◆ Available records
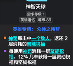 作用:神罚每击中一个敌人,返还2+层消耗的聚能祝福以及每使用神罚消耗一层聚能祝福,X% 几率获得一层灵动祝福和坚韧祝福的追忆。
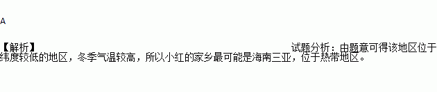 小红今年10岁,可她在家乡从未见过下雪,下面四个城市中,小红的家乡最可
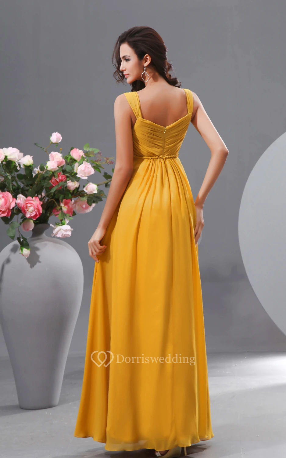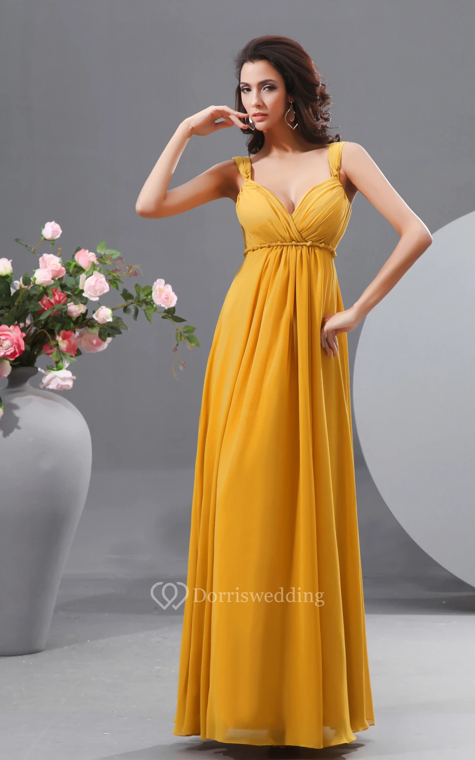 Graceful V-Neck Empire A-Line Chiffon Gown With Unique Waist
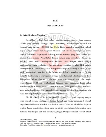 Girsang, Ermawati (2013) PENGARUH KEPEMIMPINAN TRANSFORMASIONAL KEPALA SEKOLAH DAN KINERJA GURU TERHADAP MUTU SEKOLAH PADA SMA SWASTA DI KOTA BANDUNG :Studi pada SMA Swasta yang Terakreditasi A. S2 thesis, Universitas Pendidikan Indonesia.
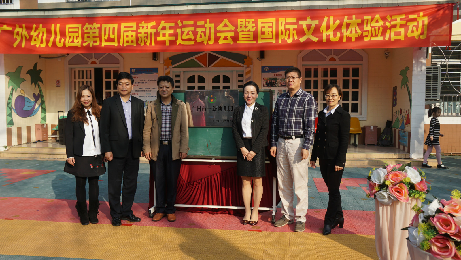 新市教育指导中心主任黄晓波、教育集团总经理孙建军、广外附属中小学校长吴玉爱、园长周宇、执行园长曾晓杰、副园长张惠芬共同揭开市一级牌匾。
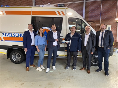 Die offizielle Übergabe des neuen KTW Typ B fand in der Fahrzeughalle des DRK-Ortsvereins Reken statt: v. li.: Lucas Finke (Leiter Nationale Hilfsgesellschaft DRK Kreisverband Borken), Katharina Schroer (Fachabteilungsleiterin Gefahrenabwehr, Kreis Borken), Hendrik Schuurmann (Leiter Fachbereich Sicherheit und Ordnung, Kreis Borken), Stefan Niewerth (Rotkreuzleiter DRK-Ortsverein Reken), Christian Nordendorf (Vorsitzender DRK-Ortsverein Reken) und Manuel Deitert (Bürgermeister Reken)
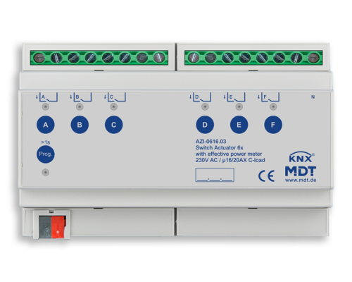 Промышленная версия переключателя MDT AZI с измерением активной мощности сочетает в себе коммутационную способность высоких пусковых токов с точностью измерения активной мощности. Возможно измерение тока по каждому каналу и измерение общего тока. Потребление энергии регистрируется встроенным счетчиком активной мощности. Привод оснащен бистабильными реле на ток до 16/20 А и нагрузку C до 200 мкФ.

◆ Work instructions
Go back to the listing above and write out the lines starting at the one with "Graceful V-Neck Empire" and ending at the one with "Die offizielle Übergabe", inclusive, exactly and without pictures.

◆ Task output
 Graceful V-Neck Empire A-Line Chiffon Gown With Unique Waist
 Girsang, Ermawati (2013) PENGARUH KEPEMIMPINAN TRANSFORMASIONAL KEPALA SEKOLAH DAN KINERJA GURU TERHADAP MUTU SEKOLAH PADA SMA SWASTA DI KOTA BANDUNG :Studi pada SMA Swasta yang Terakreditasi A. S2 thesis, Universitas Pendidikan Indonesia.
 新市教育指导中心主任黄晓波、教育集团总经理孙建军、广外附属中小学校长吴玉爱、园长周宇、执行园长曾晓杰、副园长张惠芬共同揭开市一级牌匾。
 Die offizielle Übergabe des neuen KTW Typ B fand in der Fahrzeughalle des DRK-Ortsvereins Reken statt: v. li.: Lucas Finke (Leiter Nationale Hilfsgesellschaft DRK Kreisverband Borken), Katharina Schroer (Fachabteilungsleiterin Gefahrenabwehr, Kreis Borken), Hendrik Schuurmann (Leiter Fachbereich Sicherheit und Ordnung, Kreis Borken), Stefan Niewerth (Rotkreuzleiter DRK-Ortsverein Reken), Christian Nordendorf (Vorsitzender DRK-Ortsverein Reken) und Manuel Deitert (Bürgermeister Reken)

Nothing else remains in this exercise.